Monday, December 21: The day after my last post, I received a call from someone – I think a nurse – saying the oncologist had asked her to let me know she had decided to go ahead with the original radiotherapy. I started to protest about having had eight days of wondering and worrying but realised there was no point in shooting the messenger. She also asked if I’ll like a room booked at the hotel – yes please. And would I like a taxi to take me to and back from the hospital – no thanks. It’s a fifteen minute walk.
On Friday, the oncologist called to say she had changed the schedule! I was less reticent about the chopping and changing. She explained it was because she was concerned about the fact I was having double doses of radiation on three of the days and felt there was a safety issue and it could increase the side effects. Understanding the reasoning behind the changes made such a difference to how I felt.
I won’t be having double doses and will have two Saturday sessions and a final one which will mean coming up and returning home on the same day. She said she’d booked the hotel room and made the arrangements for the extra Friday nights. When the DH checked, the hotel hadn’t had any NHS bookings but the very helpful receptionist said she’d contact the booking person. She called back to say it was sorted. I dread to think how I’d have reacted if we arrived to find no room at the inn.
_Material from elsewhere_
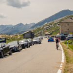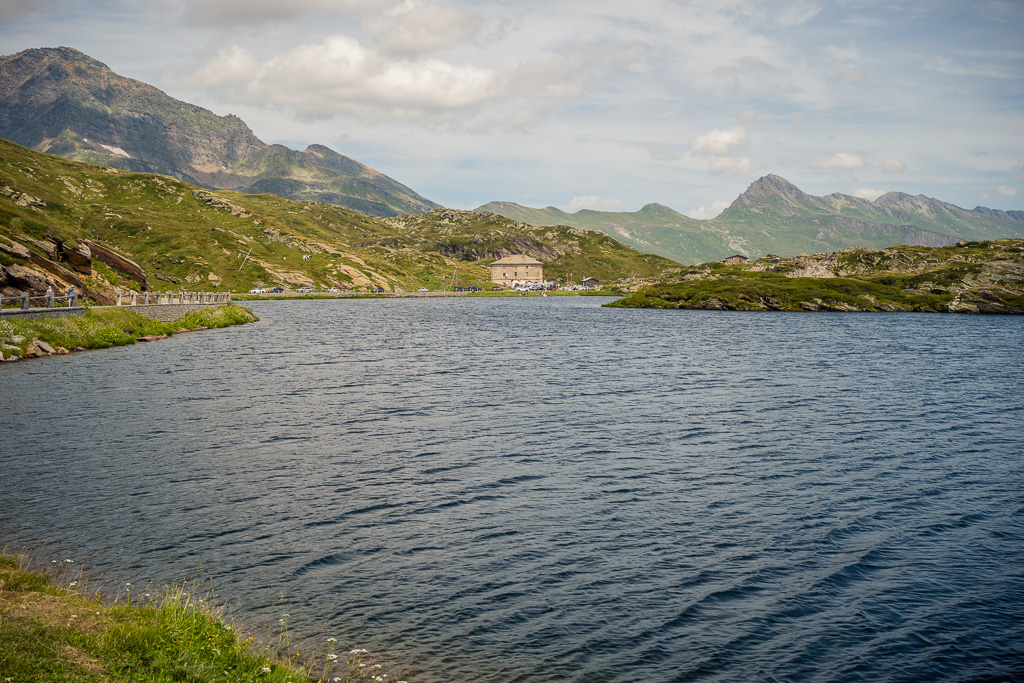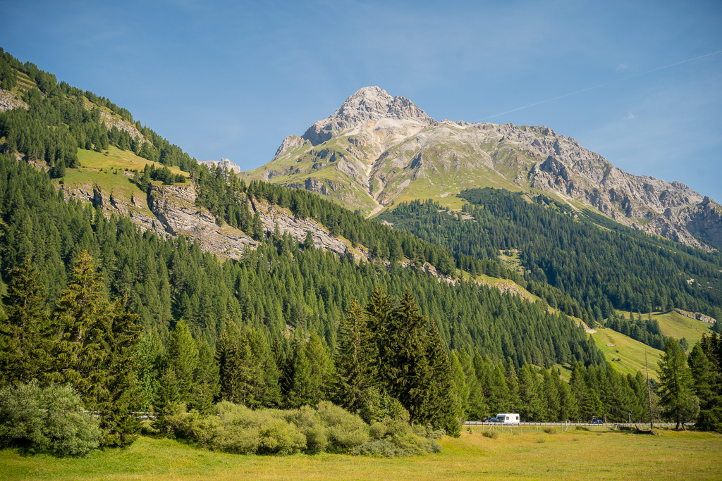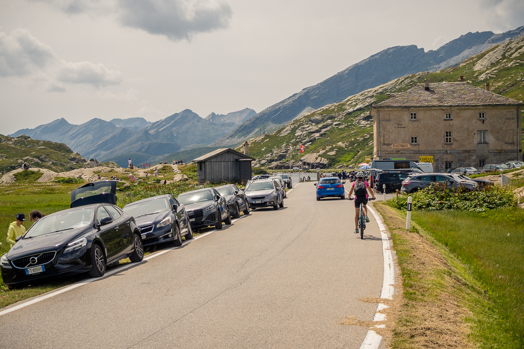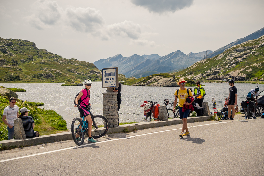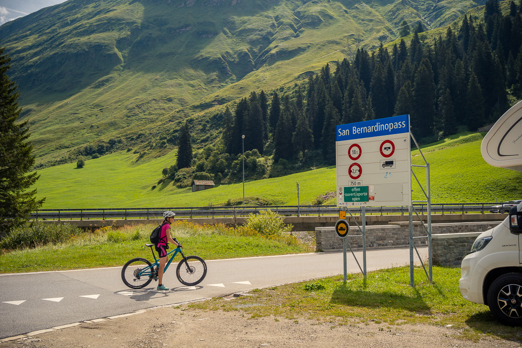 Auf der Abfahrt waren wir fasziniert davon, wie praktisch jeder ebene Grasfleck, jede Park- und Campingmöglichkeit auf beiden Seiten der Strasse von sonnenbadenden oder picknickenden Urlaubern besetzt war. Nach vielen Kurven und einer Baustelle kamen wir dann in San Bernardino an und wurden gleich als nächstes von den voll belegten Parkflächen und den Getümmel dort überrascht. Mit all den italienischen Wortfetzen, die durch die Luft drangen, entstand fast ein Gefühl von Strandurlaub am Mittelmeer, obwohl wir noch mitten in den Bergen waren.

While I had the oncologist on the phone, I used the opportunity to express some of my concerns, not least that there seemed to be no channel of communication between patient and the consultant. I totally understand we can’t have a direct phone number – consultants would never get their work done with patients calling all day with queries. But, I did want to know there was a way of getting any questions to her. She said I could always pass a message via the specialist nurse.
I said I wouldn’t trust her to pass on a message. There was a pause at the other end so I asked her if she ever received the research papers I’d sent. Another silence then, “No, I didn’t.” This, despite the fact the nurse had told me she’d pass them to the oncologist.
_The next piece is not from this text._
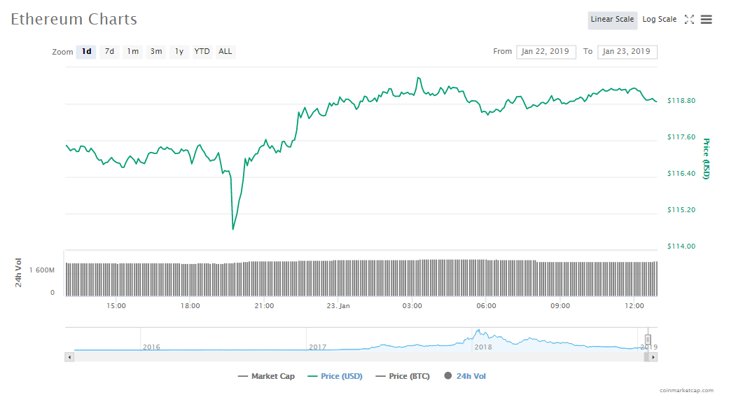 Ethereum’s current price is $118.89, which is 1.27% higher that its price the same time yesterday. The altcoin is experiencing trade volumes of $2.43 billion and its valuation is $12.42 billion.

“That’s when trust broke down,” I explained, “and it’s not possible to repair things.” I didn’t tell her about the little power games she plays, like withholding my blood results until I ask, and finally, insist on knowing them. I think perhaps I did mention her voice, which oozes sympathy, but no empathy.
“Well,” she said when I finally shut up, “if it’s any consolation to you, she’s leaving after next week. I think her replacement is excellent.”
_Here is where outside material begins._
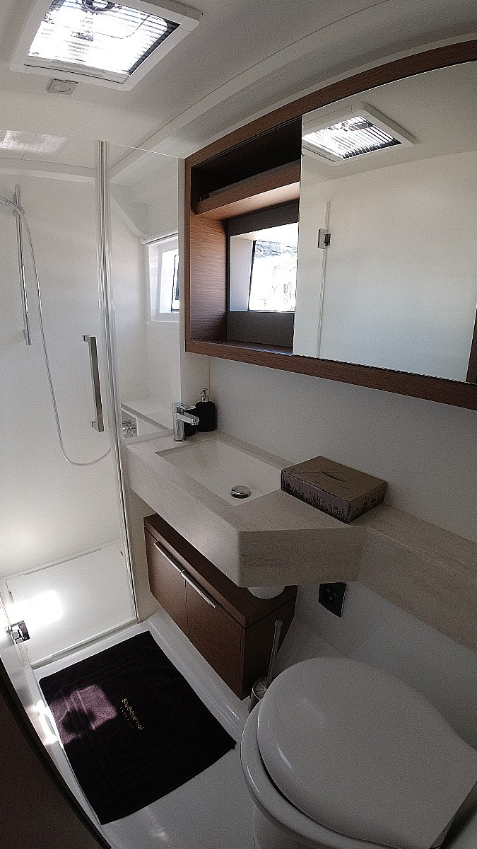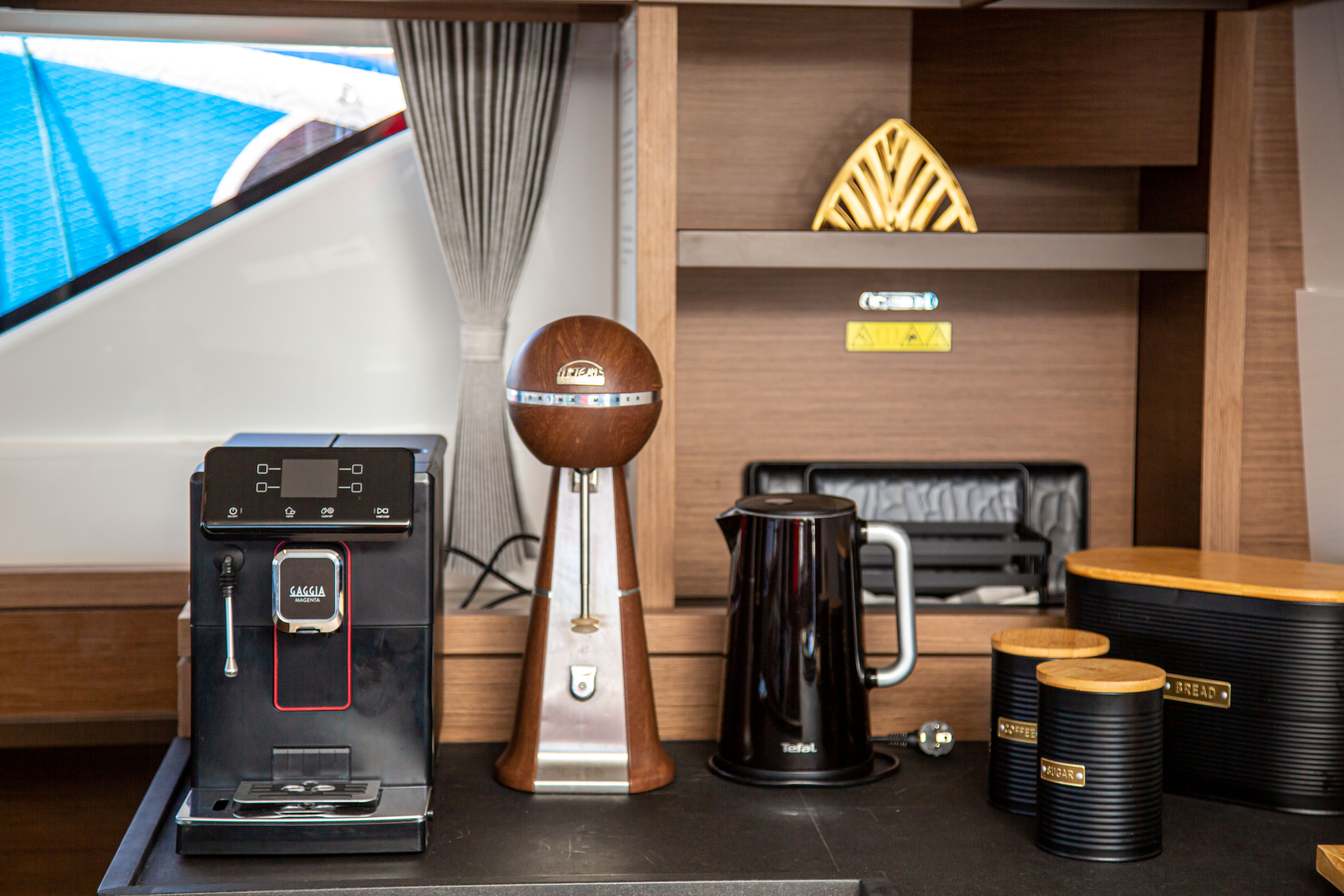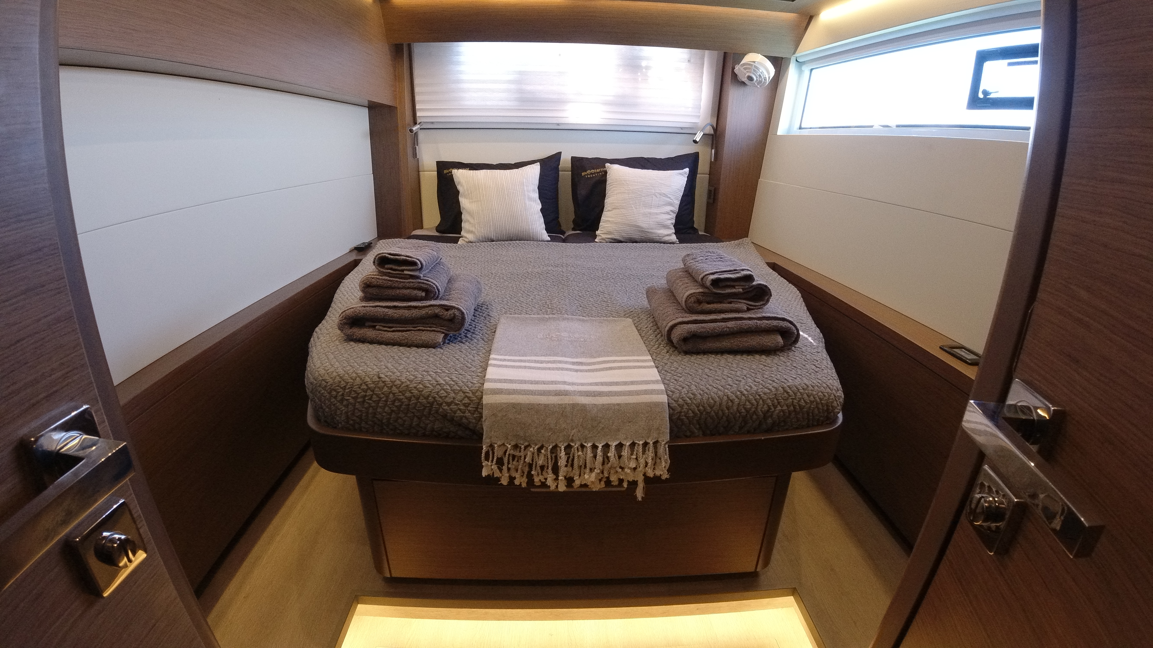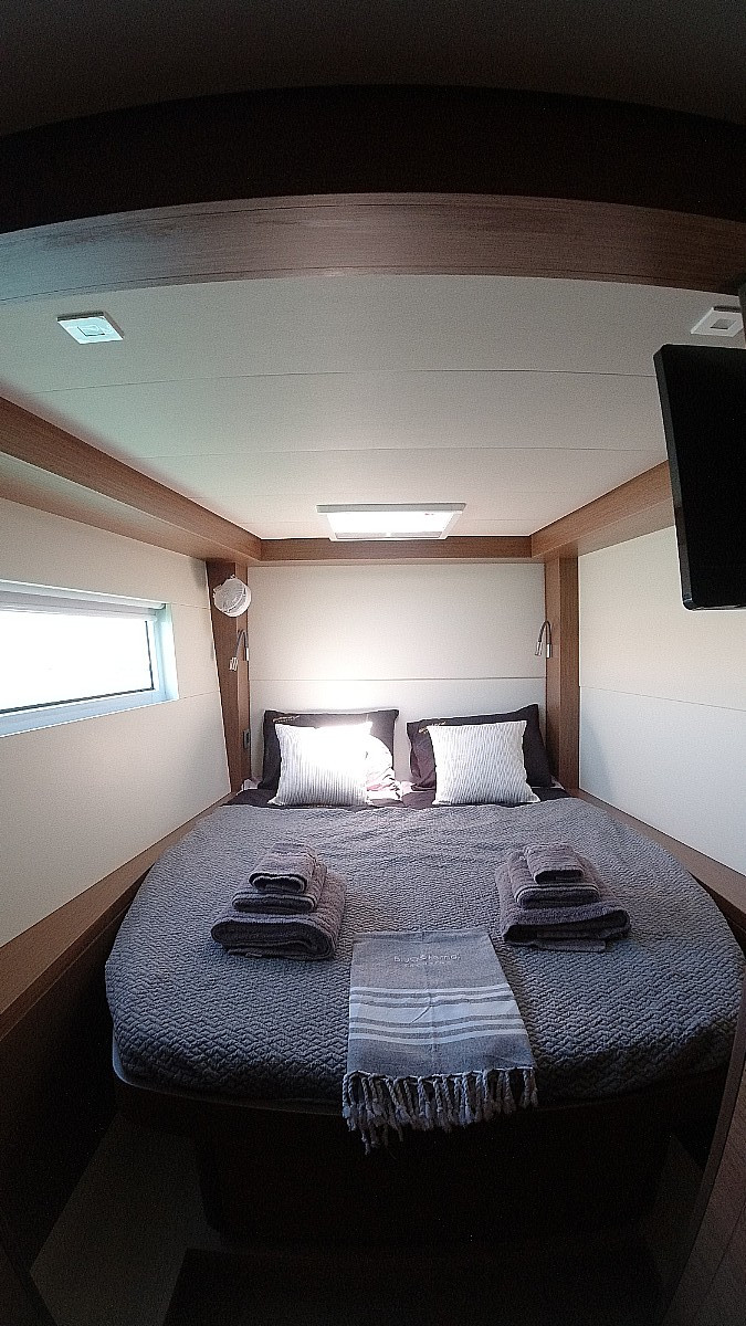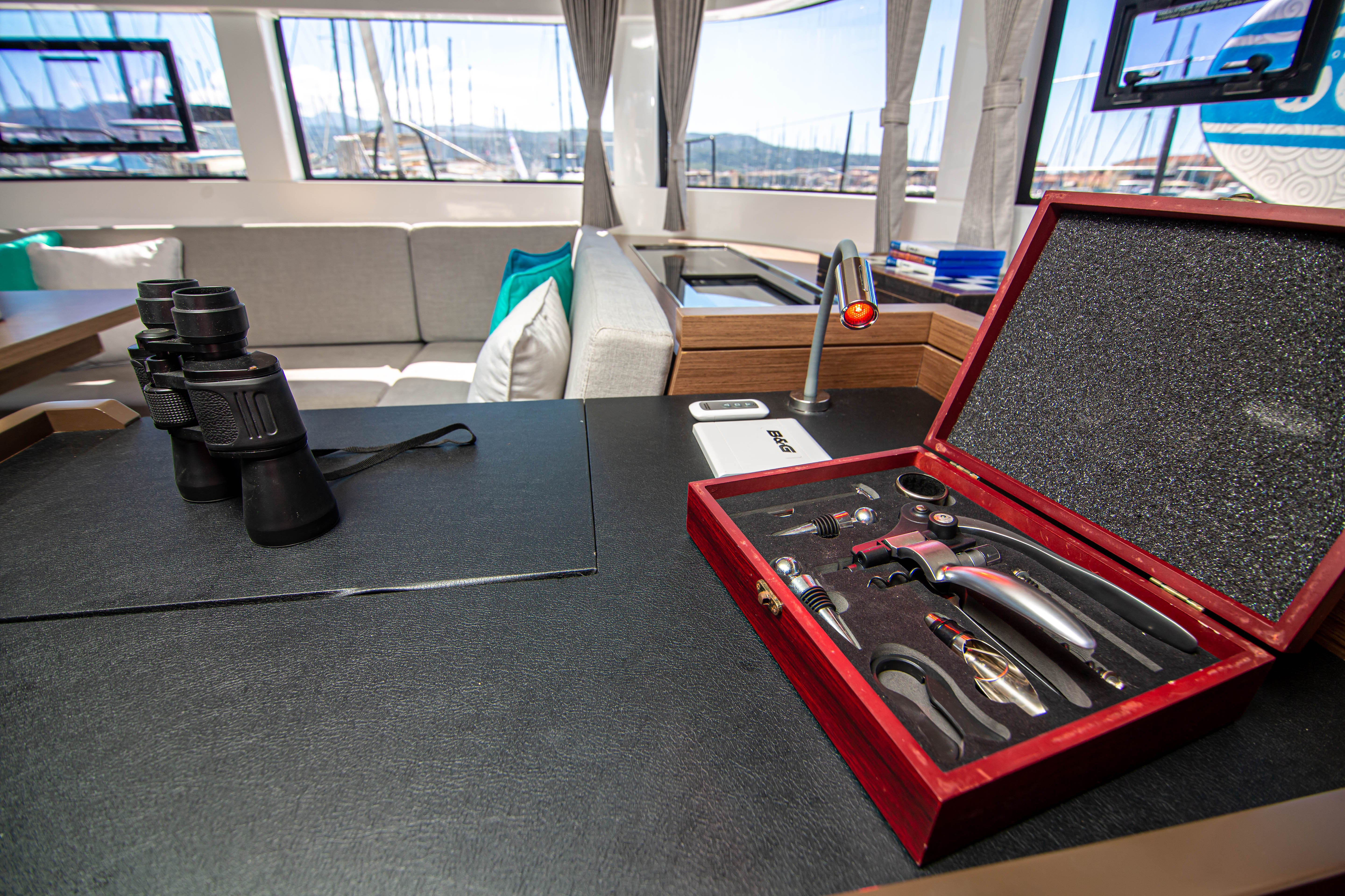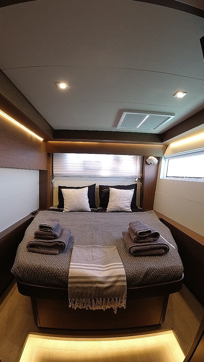 | Inside | 2. Kühlschrank, Eiswürfelmaschine, Espresso Maschine, Frischwasserpumpe, FUSION Sound System, Generator, Geschirrspüler, Inverter 12V/220V, Klimaanlage (ohne Landstrombedarf), Pantryausstattung, Playstation, Radio mit Bluetooth, Smart-TV, USB Steckdosen in Salon und Kabinen, Ventilatoren in Salon und Kabinen, Watermaker, WC (elektr.) |

Though she probably won’t ever call me again – our conversation took as long as our last face to face consultation – I felt quite buoyed up by the time the call ended. Explanations to make sense of things, communications are wonderful things.
As the day of my first radiotherapy approached, I found it difficult to sleep. Even when I told myself it would be fine, thousands of people have radiotherapy without major problems, friends have shared their stories to reassure me – but my subconscious clearly was not listening. The main worry is that my throat will be so sore I will first need morphine and when that doesn’t work a feeding tube. My oncologist has told me about these side effects so often they are seared into my brain. I told her if I needed a feeding tube it would have to be a peg tube in my stomach as there was no way anyone could get a tube up my nose. Then, I started worrying about how I could have a tube (down my throat) while wearing that mask.
The DH drove me to Edinburgh. I checked into the hotel. We went to the Cancer Centre. Someone took off for a chat about everything – when I expressed my fears about feeding tubes she said it was not likely I’d need it – I would have a sore throat but they could do something about it before it reached the stage of needing a feeding tube. As for the mask – apparently they cut a hole in it for the tube – so I know it is sometimes necessary, but am trying not to dwell on it. She said I’d be fine for the first week and would be able to eat Christmas dinner without a problem.
Finally, I was called into the room where it all happens. I can’t tell you much because the moment the mask goes over my face my eyes are shut, so although she had explained the bits of machinery moving around she said I’d see, I didn’t. A few minutes of wrestling with the mask, which as tighter even than the last time (is my face getting fatter?), and the radiographers leave the room and there’s just me and the machines.
The actual treatment took only two or three minutes.
It’s the winter solstice and the days will start to lengthen, even if we aren’t aware of the change immediately, so I hope it’s an auspicious day to start the radiotherapy – one down, 19 to go.